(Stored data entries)
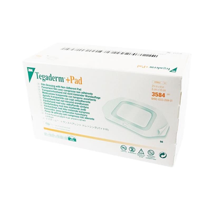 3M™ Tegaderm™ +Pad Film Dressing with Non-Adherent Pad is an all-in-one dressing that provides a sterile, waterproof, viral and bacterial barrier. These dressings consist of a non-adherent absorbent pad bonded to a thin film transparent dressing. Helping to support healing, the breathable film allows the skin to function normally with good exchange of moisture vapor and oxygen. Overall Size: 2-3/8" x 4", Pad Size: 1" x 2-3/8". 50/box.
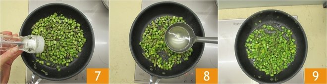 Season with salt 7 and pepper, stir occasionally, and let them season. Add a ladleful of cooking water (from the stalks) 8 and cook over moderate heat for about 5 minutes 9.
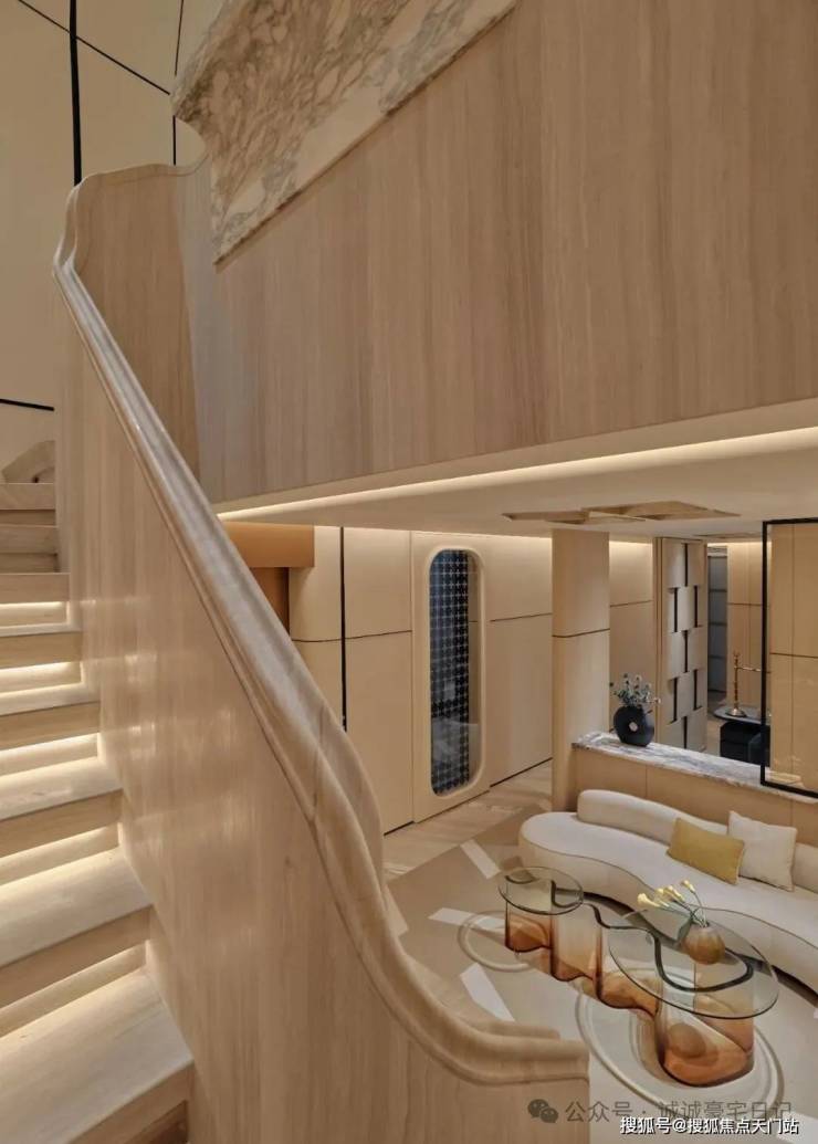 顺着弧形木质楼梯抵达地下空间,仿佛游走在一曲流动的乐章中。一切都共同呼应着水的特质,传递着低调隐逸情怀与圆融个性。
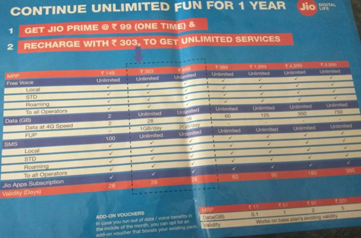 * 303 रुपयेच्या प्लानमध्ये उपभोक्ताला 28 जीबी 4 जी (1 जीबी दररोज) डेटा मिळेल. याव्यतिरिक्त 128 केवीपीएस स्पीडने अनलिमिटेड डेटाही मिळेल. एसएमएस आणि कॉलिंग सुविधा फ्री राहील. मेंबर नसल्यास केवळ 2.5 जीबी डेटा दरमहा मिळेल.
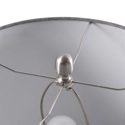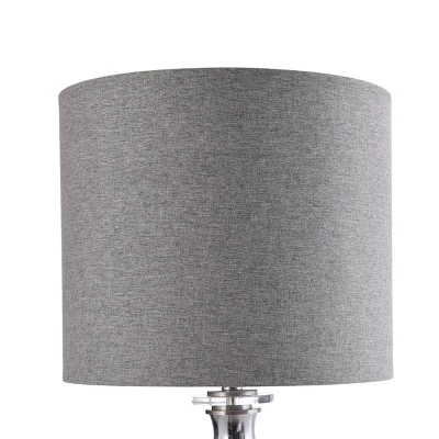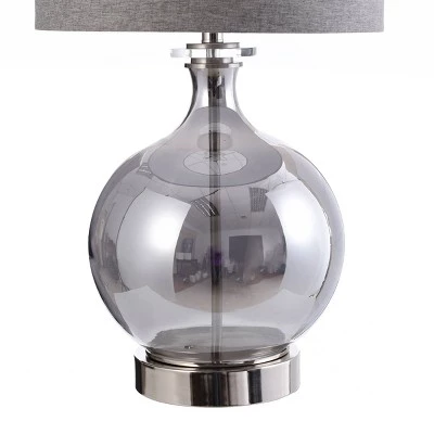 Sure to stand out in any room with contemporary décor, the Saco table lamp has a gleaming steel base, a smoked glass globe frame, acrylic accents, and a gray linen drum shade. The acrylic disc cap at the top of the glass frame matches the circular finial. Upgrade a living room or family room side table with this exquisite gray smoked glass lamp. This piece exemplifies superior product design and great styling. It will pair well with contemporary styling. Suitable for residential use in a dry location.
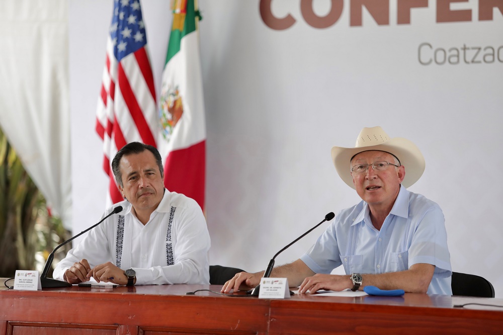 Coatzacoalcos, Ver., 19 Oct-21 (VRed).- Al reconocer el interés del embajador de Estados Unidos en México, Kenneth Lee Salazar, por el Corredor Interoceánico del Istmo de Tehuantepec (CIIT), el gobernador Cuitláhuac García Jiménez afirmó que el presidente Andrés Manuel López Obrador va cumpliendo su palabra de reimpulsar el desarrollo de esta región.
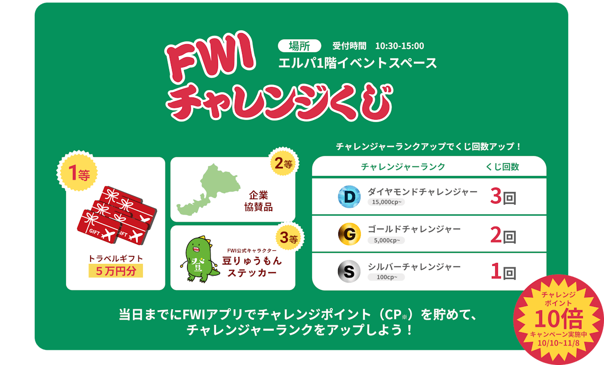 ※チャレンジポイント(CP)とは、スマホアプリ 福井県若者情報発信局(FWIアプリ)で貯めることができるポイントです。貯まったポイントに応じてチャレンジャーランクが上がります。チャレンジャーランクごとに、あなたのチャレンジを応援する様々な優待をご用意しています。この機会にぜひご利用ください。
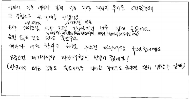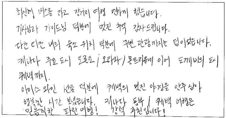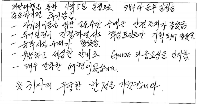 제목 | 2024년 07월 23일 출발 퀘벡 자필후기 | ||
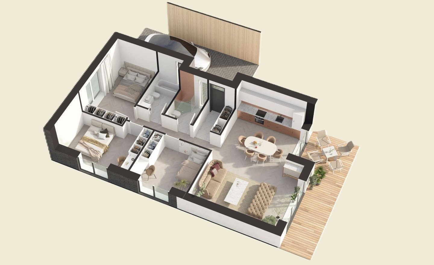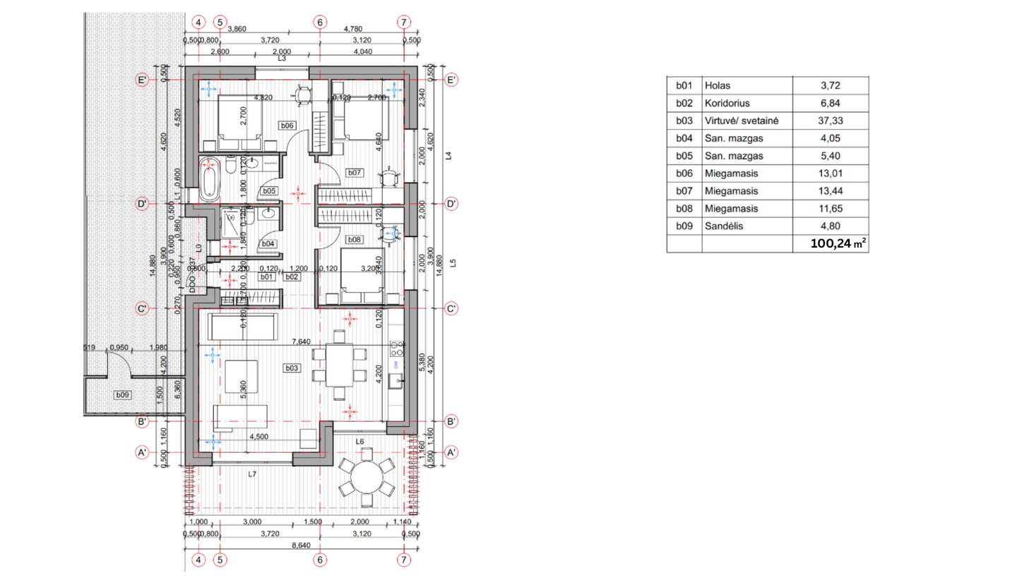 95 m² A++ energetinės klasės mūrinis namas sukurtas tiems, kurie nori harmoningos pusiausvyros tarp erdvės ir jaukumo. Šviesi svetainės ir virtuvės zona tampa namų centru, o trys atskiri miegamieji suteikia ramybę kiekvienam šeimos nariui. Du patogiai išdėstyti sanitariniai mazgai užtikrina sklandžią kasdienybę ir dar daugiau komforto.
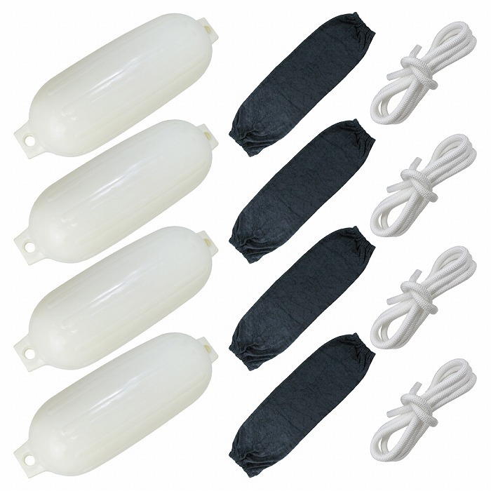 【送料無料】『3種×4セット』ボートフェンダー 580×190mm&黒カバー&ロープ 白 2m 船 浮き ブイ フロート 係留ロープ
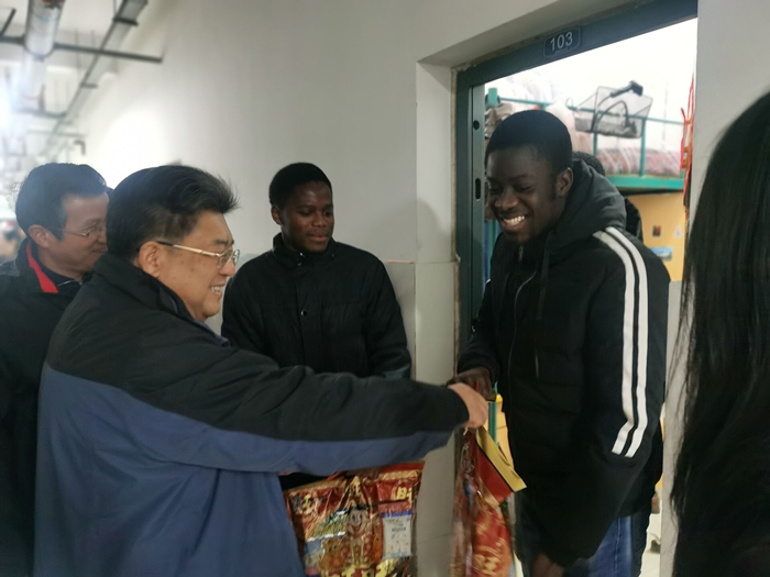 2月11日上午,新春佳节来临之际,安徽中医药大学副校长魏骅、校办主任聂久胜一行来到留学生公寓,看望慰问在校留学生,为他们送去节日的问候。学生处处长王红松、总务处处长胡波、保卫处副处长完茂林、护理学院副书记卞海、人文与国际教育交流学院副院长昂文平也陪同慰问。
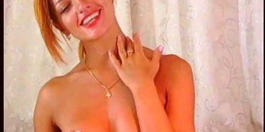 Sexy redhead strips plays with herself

## Your assignment
Look above for the line with "Season with salt" and the line with "डेटा दरमहा मिळेल.". Give again exactly those two lines and all lines between them, pictures excluded.

## Answer for the task
 Season with salt 7 and pepper, stir occasionally, and let them season. Add a ladleful of cooking water (from the stalks) 8 and cook over moderate heat for about 5 minutes 9.
 顺着弧形木质楼梯抵达地下空间,仿佛游走在一曲流动的乐章中。一切都共同呼应着水的特质,传递着低调隐逸情怀与圆融个性。
 * 303 रुपयेच्या प्लानमध्ये उपभोक्ताला 28 जीबी 4 जी (1 जीबी दररोज) डेटा मिळेल. याव्यतिरिक्त 128 केवीपीएस स्पीडने अनलिमिटेड डेटाही मिळेल. एसएमएस आणि कॉलिंग सुविधा फ्री राहील. मेंबर नसल्यास केवळ 2.5 जीबी डेटा दरमहा मिळेल.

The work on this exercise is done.